— SOURCE INFORMATION —
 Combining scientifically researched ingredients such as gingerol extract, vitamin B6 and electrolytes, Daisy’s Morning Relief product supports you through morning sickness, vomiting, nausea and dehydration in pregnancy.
---
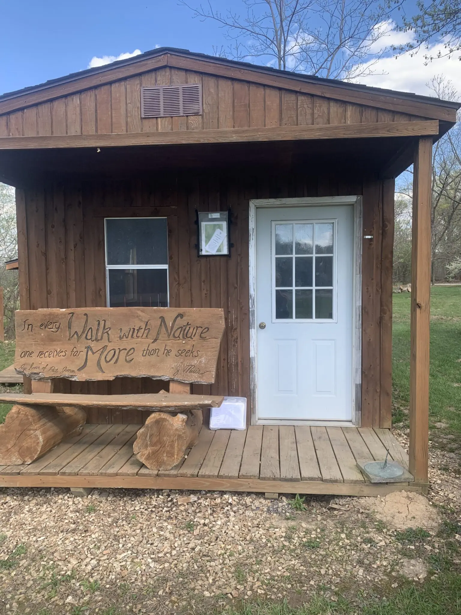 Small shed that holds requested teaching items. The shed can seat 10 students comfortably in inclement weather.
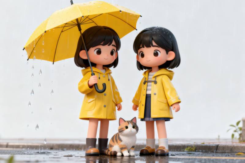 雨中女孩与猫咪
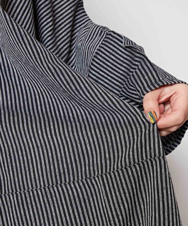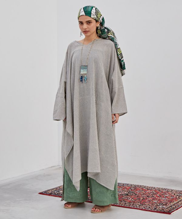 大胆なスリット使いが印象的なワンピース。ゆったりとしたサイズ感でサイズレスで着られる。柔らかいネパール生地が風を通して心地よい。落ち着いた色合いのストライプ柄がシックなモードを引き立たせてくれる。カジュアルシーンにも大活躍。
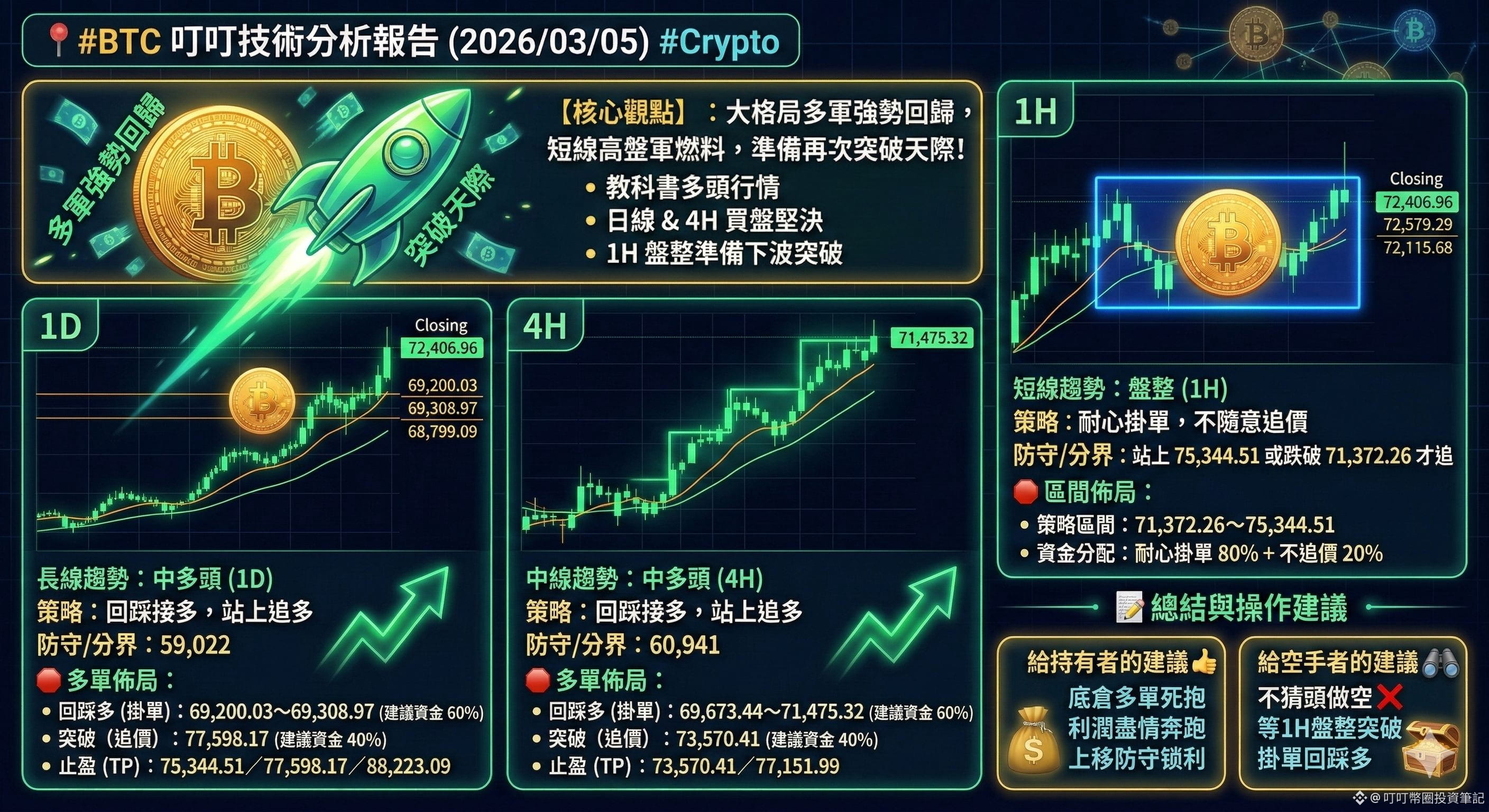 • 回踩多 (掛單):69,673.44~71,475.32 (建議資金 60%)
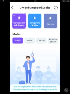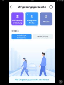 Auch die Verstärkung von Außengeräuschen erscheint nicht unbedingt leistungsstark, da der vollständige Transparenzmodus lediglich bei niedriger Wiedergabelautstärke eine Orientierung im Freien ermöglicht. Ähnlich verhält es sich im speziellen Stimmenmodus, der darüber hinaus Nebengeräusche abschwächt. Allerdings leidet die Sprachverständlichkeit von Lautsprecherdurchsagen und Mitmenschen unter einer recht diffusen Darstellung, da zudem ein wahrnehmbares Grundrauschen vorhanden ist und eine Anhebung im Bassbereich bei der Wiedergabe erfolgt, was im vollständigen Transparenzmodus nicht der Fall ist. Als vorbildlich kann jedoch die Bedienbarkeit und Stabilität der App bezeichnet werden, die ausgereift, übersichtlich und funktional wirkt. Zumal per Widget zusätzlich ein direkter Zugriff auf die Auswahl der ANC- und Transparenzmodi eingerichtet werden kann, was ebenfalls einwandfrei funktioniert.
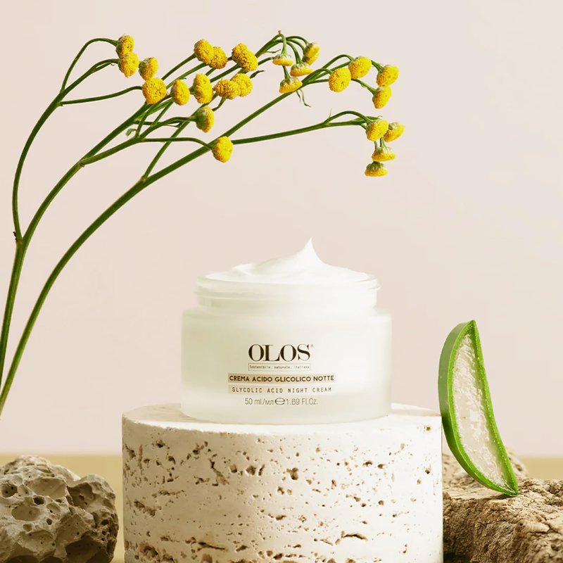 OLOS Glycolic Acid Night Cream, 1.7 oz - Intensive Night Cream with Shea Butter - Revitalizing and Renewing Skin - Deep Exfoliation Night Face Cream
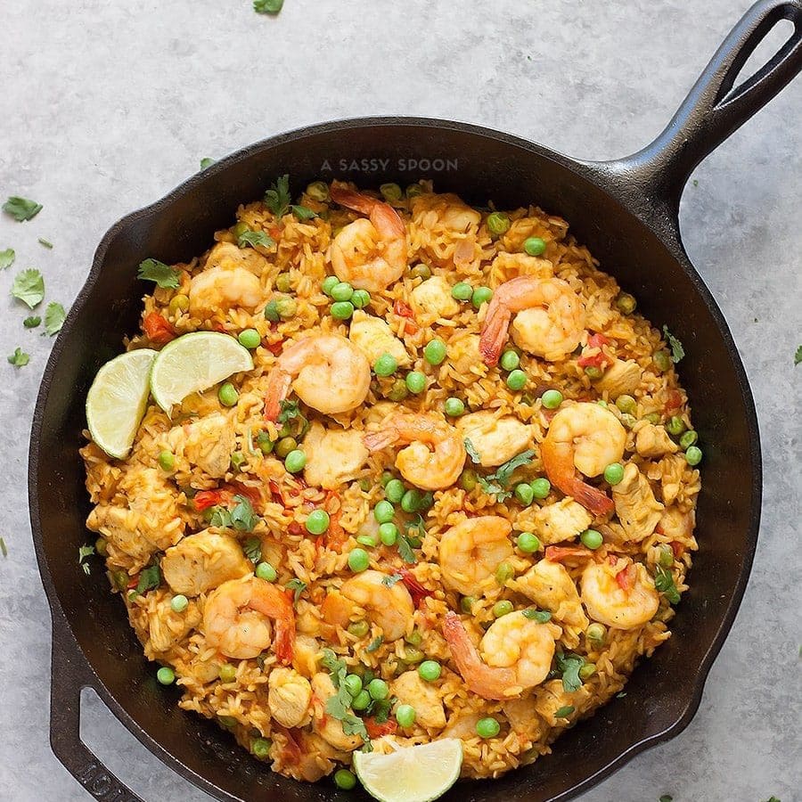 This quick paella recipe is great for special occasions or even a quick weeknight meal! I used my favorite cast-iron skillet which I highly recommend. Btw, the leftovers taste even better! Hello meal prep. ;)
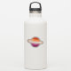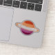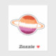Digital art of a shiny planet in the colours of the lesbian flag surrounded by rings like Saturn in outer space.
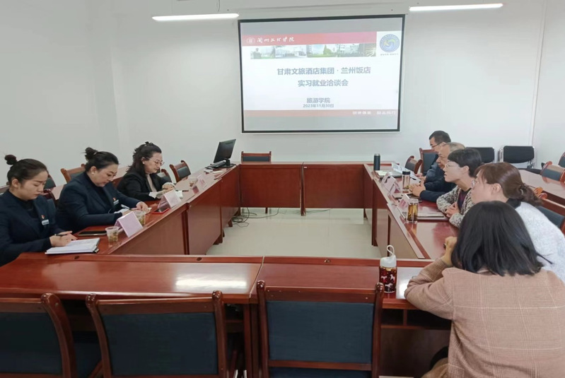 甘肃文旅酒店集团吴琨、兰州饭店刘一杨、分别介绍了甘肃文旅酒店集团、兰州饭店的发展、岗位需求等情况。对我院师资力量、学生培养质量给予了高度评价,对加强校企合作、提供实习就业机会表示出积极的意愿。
* * *
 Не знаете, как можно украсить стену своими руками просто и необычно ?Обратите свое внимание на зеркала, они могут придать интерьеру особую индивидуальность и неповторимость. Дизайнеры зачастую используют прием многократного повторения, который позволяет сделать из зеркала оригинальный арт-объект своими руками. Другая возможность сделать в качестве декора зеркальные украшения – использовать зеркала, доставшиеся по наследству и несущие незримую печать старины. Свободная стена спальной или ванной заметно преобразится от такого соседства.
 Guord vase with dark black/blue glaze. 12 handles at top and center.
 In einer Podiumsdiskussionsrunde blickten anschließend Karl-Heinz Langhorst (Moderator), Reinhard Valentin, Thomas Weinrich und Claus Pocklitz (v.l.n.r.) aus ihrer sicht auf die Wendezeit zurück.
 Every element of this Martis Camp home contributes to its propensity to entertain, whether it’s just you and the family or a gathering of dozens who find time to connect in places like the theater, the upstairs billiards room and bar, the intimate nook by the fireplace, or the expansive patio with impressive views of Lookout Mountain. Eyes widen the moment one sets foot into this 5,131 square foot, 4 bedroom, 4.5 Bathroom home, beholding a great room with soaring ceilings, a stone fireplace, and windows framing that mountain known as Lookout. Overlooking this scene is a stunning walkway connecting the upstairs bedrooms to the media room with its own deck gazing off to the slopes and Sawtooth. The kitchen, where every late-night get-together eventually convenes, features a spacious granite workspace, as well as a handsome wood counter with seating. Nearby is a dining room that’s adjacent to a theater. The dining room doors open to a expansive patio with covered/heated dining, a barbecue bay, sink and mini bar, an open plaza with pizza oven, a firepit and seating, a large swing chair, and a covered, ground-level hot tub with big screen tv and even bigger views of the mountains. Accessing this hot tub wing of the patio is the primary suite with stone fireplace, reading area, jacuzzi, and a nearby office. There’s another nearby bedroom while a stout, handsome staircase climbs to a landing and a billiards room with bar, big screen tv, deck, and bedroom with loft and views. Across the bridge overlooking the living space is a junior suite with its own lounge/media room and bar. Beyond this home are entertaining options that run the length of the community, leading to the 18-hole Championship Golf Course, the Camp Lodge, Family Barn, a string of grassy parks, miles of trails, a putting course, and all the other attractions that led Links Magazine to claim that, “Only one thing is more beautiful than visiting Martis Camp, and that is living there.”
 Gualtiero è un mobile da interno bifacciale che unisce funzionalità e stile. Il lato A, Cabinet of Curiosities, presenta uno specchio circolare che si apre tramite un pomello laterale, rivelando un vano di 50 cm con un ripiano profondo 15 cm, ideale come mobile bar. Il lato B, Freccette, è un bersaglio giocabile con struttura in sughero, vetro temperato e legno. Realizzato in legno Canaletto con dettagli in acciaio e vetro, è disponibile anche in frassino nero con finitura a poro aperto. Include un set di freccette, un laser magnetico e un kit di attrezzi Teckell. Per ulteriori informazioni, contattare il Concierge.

— PROBLEM DESCRIPTION —
Respond with the exact lines above running from the one containing "大胆なスリット使いが印象的な" to the one containing "(掛單):69,673.44~71,475.32 (建議資金 60%)", both ends kept and no pictures included.

— EXERCISE OUTPUT —
 大胆なスリット使いが印象的なワンピース。ゆったりとしたサイズ感でサイズレスで着られる。柔らかいネパール生地が風を通して心地よい。落ち着いた色合いのストライプ柄がシックなモードを引き立たせてくれる。カジュアルシーンにも大活躍。
 • 回踩多 (掛單):69,673.44~71,475.32 (建議資金 60%)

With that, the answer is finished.